Just a man opening up about how it feels to lose his wife
This is a guest post by Steve Smart, a co-ordinaor for the charity Care for the Family,
Steve Smart’s first wife Jo died in January 2007 of cancer, when he was 49. In October 2009 Steve married Paula, whose first husband Gary also died in 2007. They currently live in Essex. Steve has two stepchildren aged 10 and 13 and two adult children, Becky aged 26 and Michael 23. Steve works with Paula, as a co-ordinator for Care for the Family’s Widowed Young project, which offers hope and support to those who have lost a partner early in life. Care for the Family is a national charity which aims to promote strong family life and to help those who face family difficulties.
Jo and I had been married for 23 years. Doctors had diagnosed her with a cellular cancer a month earlier, but couldn’t find the primary site. We were told that she had six months to live, but she died that same night from pneumonia.
When I took the phone call from the hospital to tell me that Jo had died at 3.45 a.m., I was devastated. I remember thinking that the world suddenly became a very scary and strange place. My son Michael, then aged 17, was woken by the call so I had to tell him the news immediately. My daughter Becky was away at university so Michael and I drove to Leicester straightaway to bring her home.
So many hopes and dreams were shattered that night – we had been planning to look at properties in Spain where we’d always holidayed. I wanted my children to be carefree and independent, but instead they were now grieving and worried about me.
One of the hardest things for me about becoming a widower was my inability to be able to ‘fix things’ for the children and to make it better. As the man of the house I was used to mending things like the car or a leaking tap but I just couldn’t fix this and I felt powerless. I think that often men look for practical solutions when things go wrong.
In the days and weeks following Jo’s death I really needed to be around my family and very close friends. My brother, who lived 30 miles away, was a fantastic support and moved in with us for three days each week, for the first few weeks. Most of my friends were also a great source of comfort, but there were some surprises along the way and people who I thought would rally round just weren’t there for me. At the time I was hurt, but I later realised it was because they were trying to deal with their own grief.
Even though most of my friends were there, eventually I started to find it difficult to socialise with them because I was no longer part of ‘coupledom’. I also wanted to understand the emotions that I was feeling and so five months after Jo’s death I attended a Widowed Young support weekend event, organised by Care for the Family. Spending time with others who have been widowed young was comforting and helped give me hope for the future. I made new friends through the Bedfordshire charity CHUMS, which supports bereaved children and their families and I also joined the The WAY Foundation (Widowed and Young).
The first Christmas following Jo’s death was especially hard to deal with. Michael was away at university and I was on my own in the run up to it. I remember one of Jo’s relatives calling me in September, to make plans for our usual trip to Devon and me telling her quite bluntly that I just didn’t want to discuss it. In the end the three of us just spent the day at home with Jo’s mum and step-dad, it was very low key. It’s important to do what feels right for you – whether that’s keeping with old traditions or breaking them – just go with your gut instinct.

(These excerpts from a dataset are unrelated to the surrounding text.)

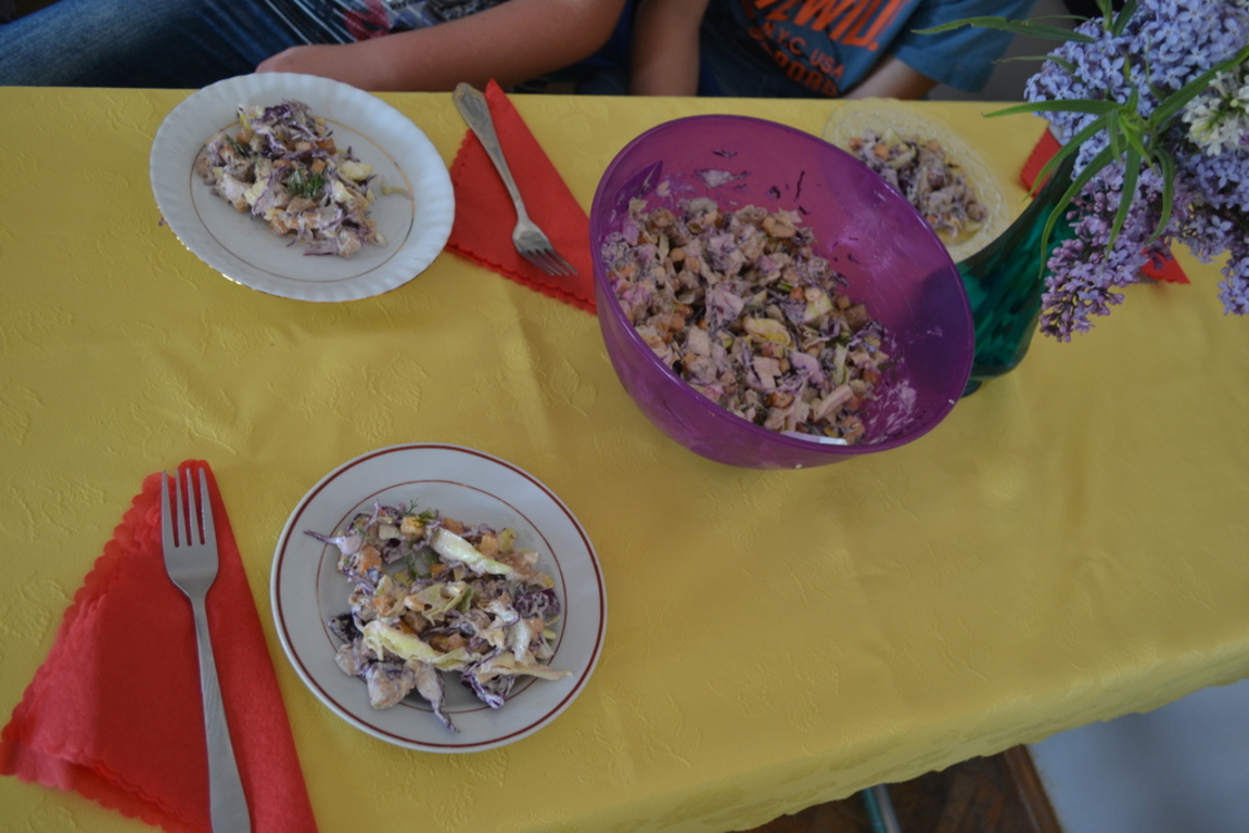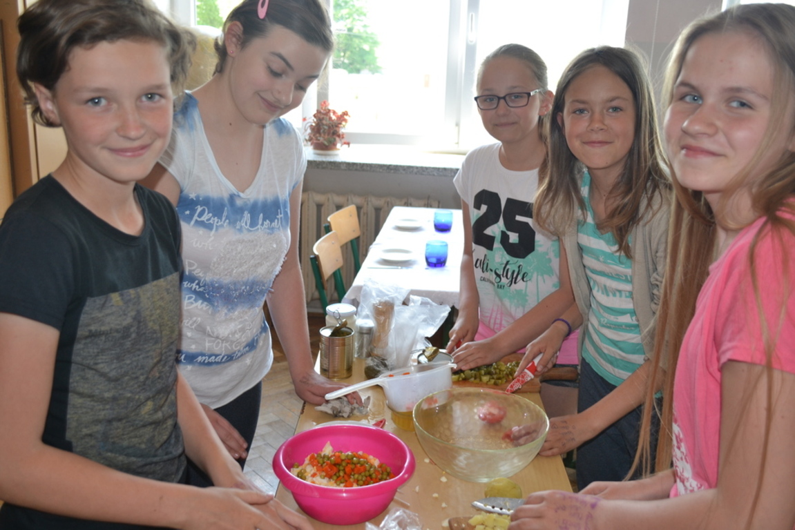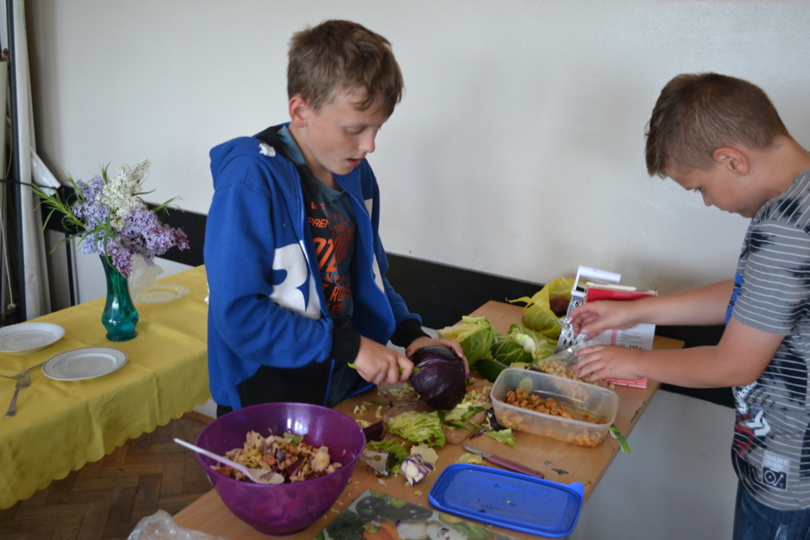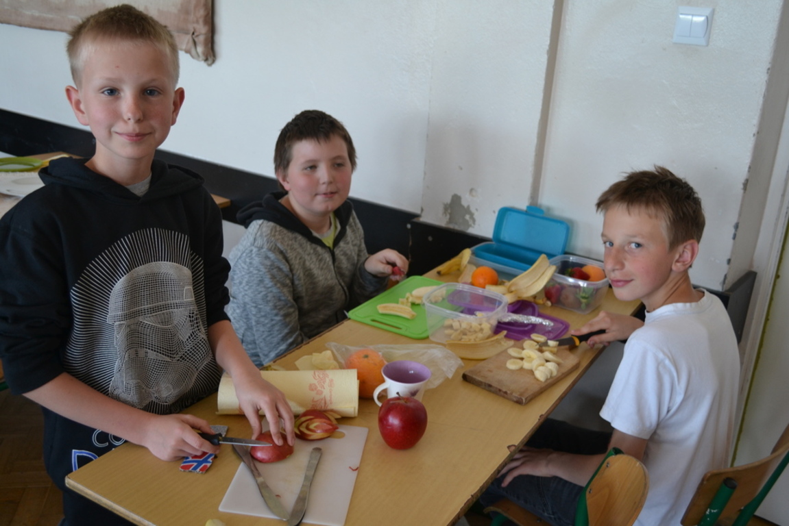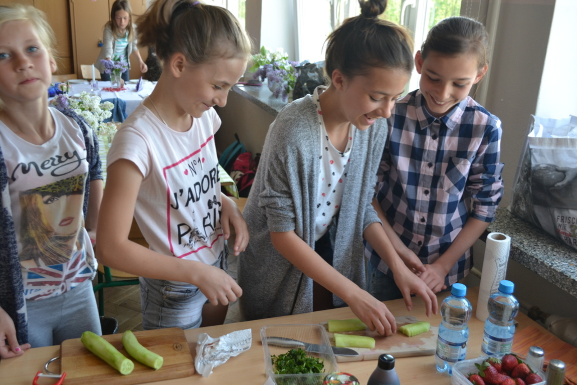 Uczniowie klasy V po skończonym dziale z „Odżywiania” omawianym na lekcji techniki, zakończonym sprawdzianem, pochwalili się swoimi zdolnościami kulinarnymi na miarę Masterchefa juniora. Przygotowali w grupach wybrane przez siebie sałatki. Można było spróbować sałatki owocowej, jarzynowej, sałatki z feta, z rucollą i truskawkami, z groszkiem i grzankami. Na ocenę wpływał nie tylko smak sałatki ale także, porządek podczas jej wykonywania, przestrzeganie zasad bhp i sposób jej podania. Dodatkowym akcentem były dekoracje stołów. Zajęcia odbywały się pod opieką p. D. Studzińskiej, która była pod wrażeniem talentu uczniów.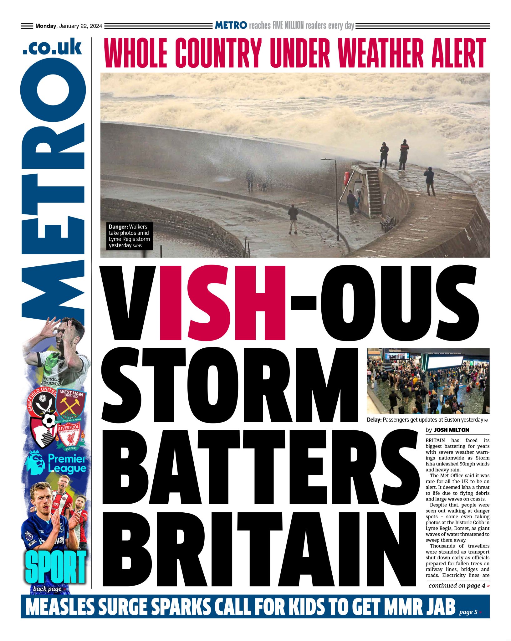 “Metro reports on Britain’s most severe weather onslaught in years, with nationwide warnings issued.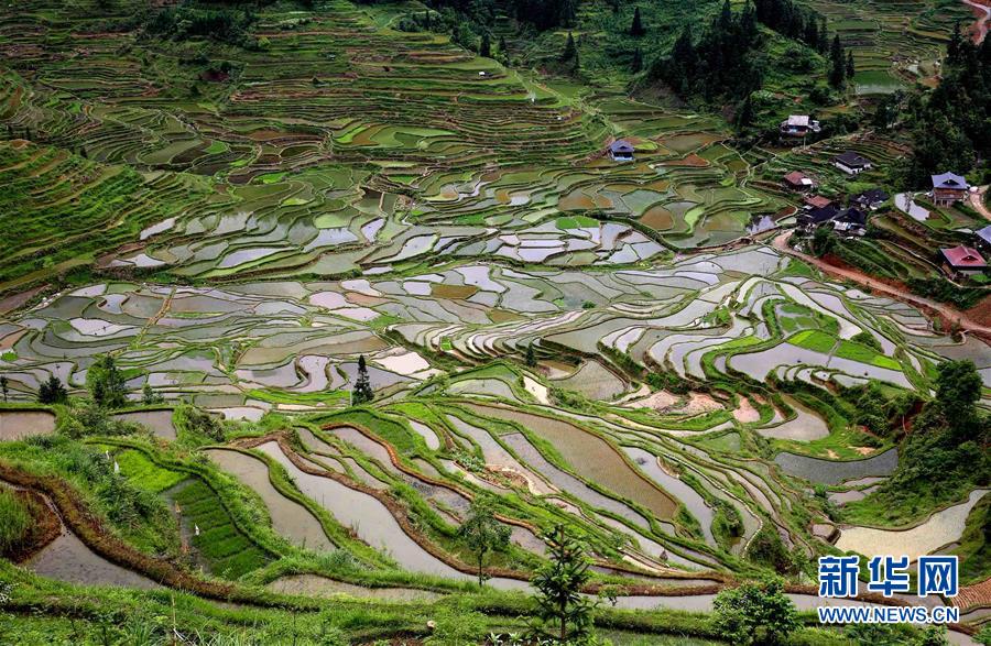 5月20日在廣西柳州市融水苗族自治縣桿洞鄉(xiāng)拍攝的梯田。廣西柳州市融水苗族自治縣桿洞鄉(xiāng)平均海拔780多米,是全縣高海拔鄉(xiāng)鎮(zhèn)之一。這里的梯田多在高山,人們稱(chēng)之為“天上糧倉(cāng)”。時(shí)下,“天上糧倉(cāng)”或儲(chǔ)水待插,或新秧初栽,如織錦一般美不勝收。新華社發(fā)(龍濤 攝)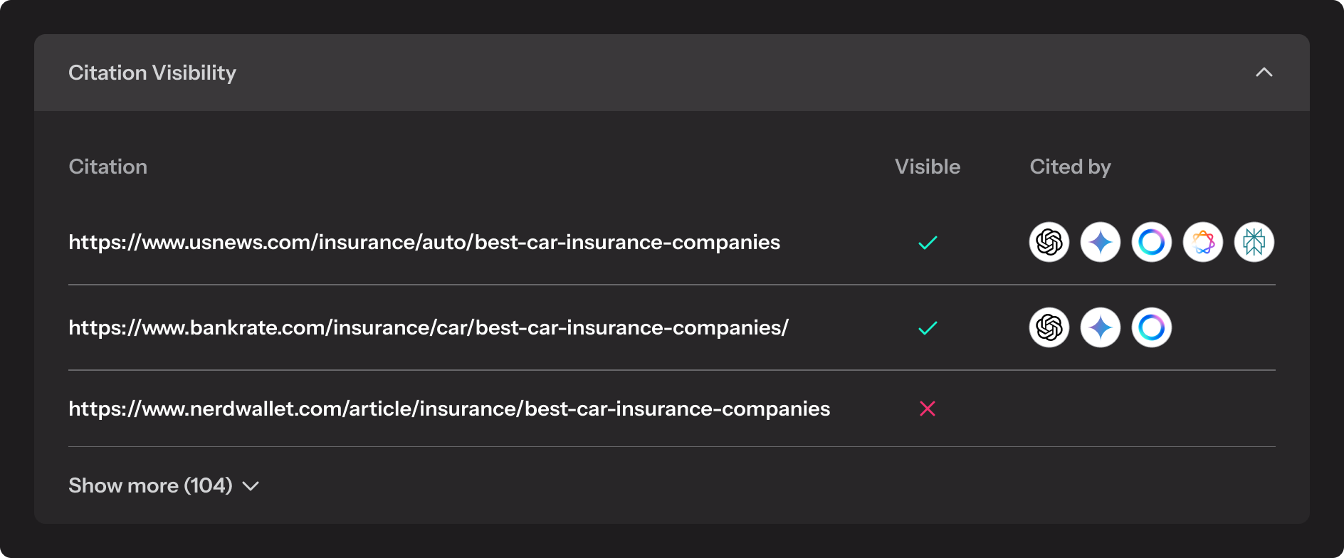 Find, monitor, and enhance sources that are cited by LLMs and influence your brand’s AI visibility across the industry.

I think there’s pressure on the bereaved to act in a certain way. People are well-meaning, but eventually they just want you to ‘move on’ and be happy again. It’s important to try and move forward, but I’ve learnt you can never just ‘move on’ or ‘forget’ and people grieve in their own time and in their own ways. It’s been six years since Jo died but I still think about her most days. It’s important for me to still keep that bond with her. The children and I still mark anniversaries and birthdays. We have a photo of Jo and Gary in our lounge and this year I’ve made a promise to myself and my daughter that I will get our old videos with Jo in transferred onto DVD so that we can share our memories with family and close friends.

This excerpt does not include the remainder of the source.